Saw the registrar and the consultant and felt like this time we got the answers we wanted.  The consultant was amazed i was on clomid 150 mg and it was month 10      The outcome is that he suspects polycystic ovaries (weight gain, no ovulation unmedicated and hair in the wrong places) so has tested me for that today. How unlucky is that endo AND pcos    He said from next month I should cut clomid down to 100 mg and add in Metformin.  

Can anyone tell me anything about Metformin?  I believe I should await rather nasty side effects?  

So, today had bloods for hormones and pcos, dh is doing another sperm sample. gonna relax over xmas. next AF due in between xmas and new year so gonna reduce the clomid then and add in the Met and then the following month they want me to have bloods 3 times during that month.

Whilst all this is going on we are going on the IVF WL on the NHS.  

dh and I have said we are gonna enjoy my birthday, our hols next week and xmas and then in the new year get healthy, start the Met and then start looking into private IVF.

All in all, we are pleased that we are at least moving in the right direction thats all we wanted.

Thanks for being there for me, you are the best xxxx


----------



## mintball (Oct 27, 2005)

Great news flower, and lovely you're so positive about it!! Have a wonderful xmas with your dh, thanks for your support with me, this board is fab isn't it?!
Emma xxx


----------



## sarahstewart (Aug 4, 2005)

Flower

I am so pleased you actually got somewhere and that you are feeling more positive    Lets hope 2006 is the year for you!  

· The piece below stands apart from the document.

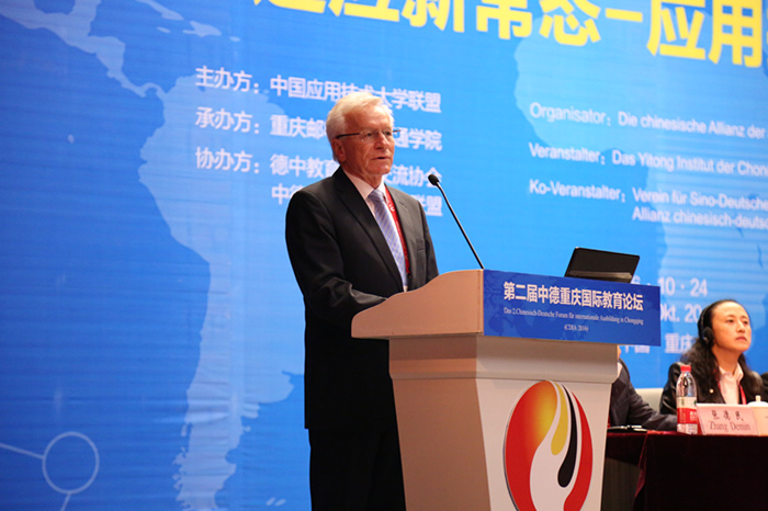 德国大学校长联席会副主席Karl-Dieter Grüske对中国应用技术大学联盟以及重庆邮电大学移通学院表示了由衷的感谢。并认为“驱动一个国家发展的因素永远是创新。”一是基础研究,能够为新的科学理念的诞生做出贡献,而这些常常是大学的职责;第二是需要在校企合作方面做更多的努力,充分的利用这些校企合作结合更多实践的经验;第三高校和企业界的合作,也能够在知识转移上起到巨大的促进作用。同时,他还介绍了德国和中小企业开展的紧密合作能够促进集群效应的建设或是集群项目的建设。全球化和国际化,对校企合作工作带来重大的影响。在国际的合作中,这些参与到科学界和学术界以及校企合作的高校也从中获益。

Both Kerry & B3ndy should be able to help they both take Met....they have talked about the Met tummy which sounds gross!    But us girls will do anything to get a little bundle of joy  .

Have a good weekend - you are in Monday aren't you? before you jet off to prague?

Sarah


----------



## flowerpot (Jan 20, 2005)

Thanks girls, yes Sarah, I'm in mon + tues xxx


----------



## Helenb33 (Mar 29, 2004)

Hi Flower
I'm glad your appointment went well, sounds as though you have a good, positive plan.

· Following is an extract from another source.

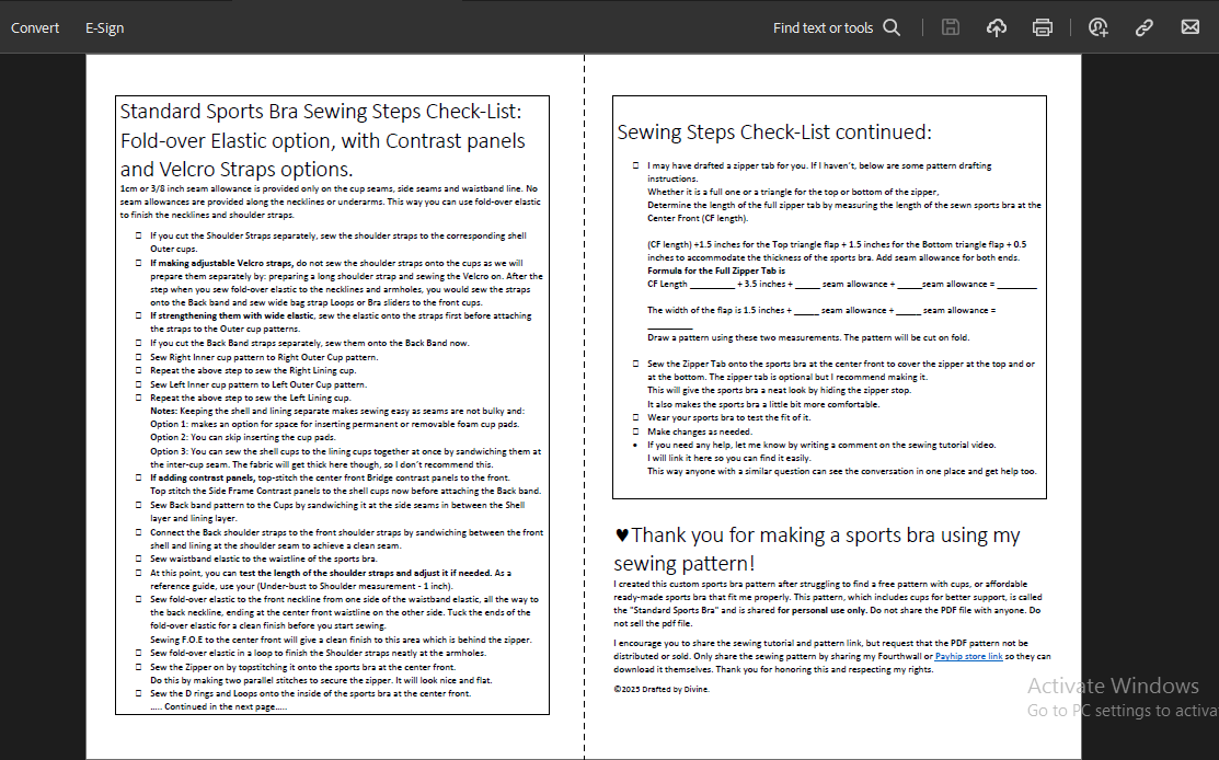 This is the written Standars Sports Bra Sewing Steps Instructions Checklist PDF.

I've been taking metformin for about 2 years, as I have PCOS.  On the positive side it has helped me lose a little weight and has also helped me to ovulate much more regularly.  

It can have some side effects, in particular nausea and diarrhoea (sorry can never spell that !).  I've found that it helps to build up your dose slowly, 500mg for week one, second 500mg in week 2 etc.  It also helps to take it after eating, and to try and avoid really fatty foods.  It took me about a month to get over the side effects, but they weren't too unbearable, just a bit inconvenient.

I'm sure the other girls here will be able to add a bit more info.  Best of luck !
Helen x


----------



## flowerpot (Jan 20, 2005)

Thanks Helen.  not sure what the dose is but he has told me to take one tablet for 5 days, then 2 tablets for 5 days then 3 tablets thereafter.  do you space the tablets out, ie after each meal or something?


----------



## b3ndy (Sep 13, 2005)

Hi Flower

at last - as you say - you seem to be getting somewhere - just a shame you've been mucked around so much.

Like Sarah said I'm on Met at the moment...just upped it to three tabs a day from today and yes I have one with bk, one with lu and one with dinner.

I ALWAYS take them sort of half way through a meal and then finish the rest off - and have been trying to cut back on carbs as i read on the Pcos thread that eating too many carbs or fatty food can give you the infamous Met  !! (luckily I haven't had one yet)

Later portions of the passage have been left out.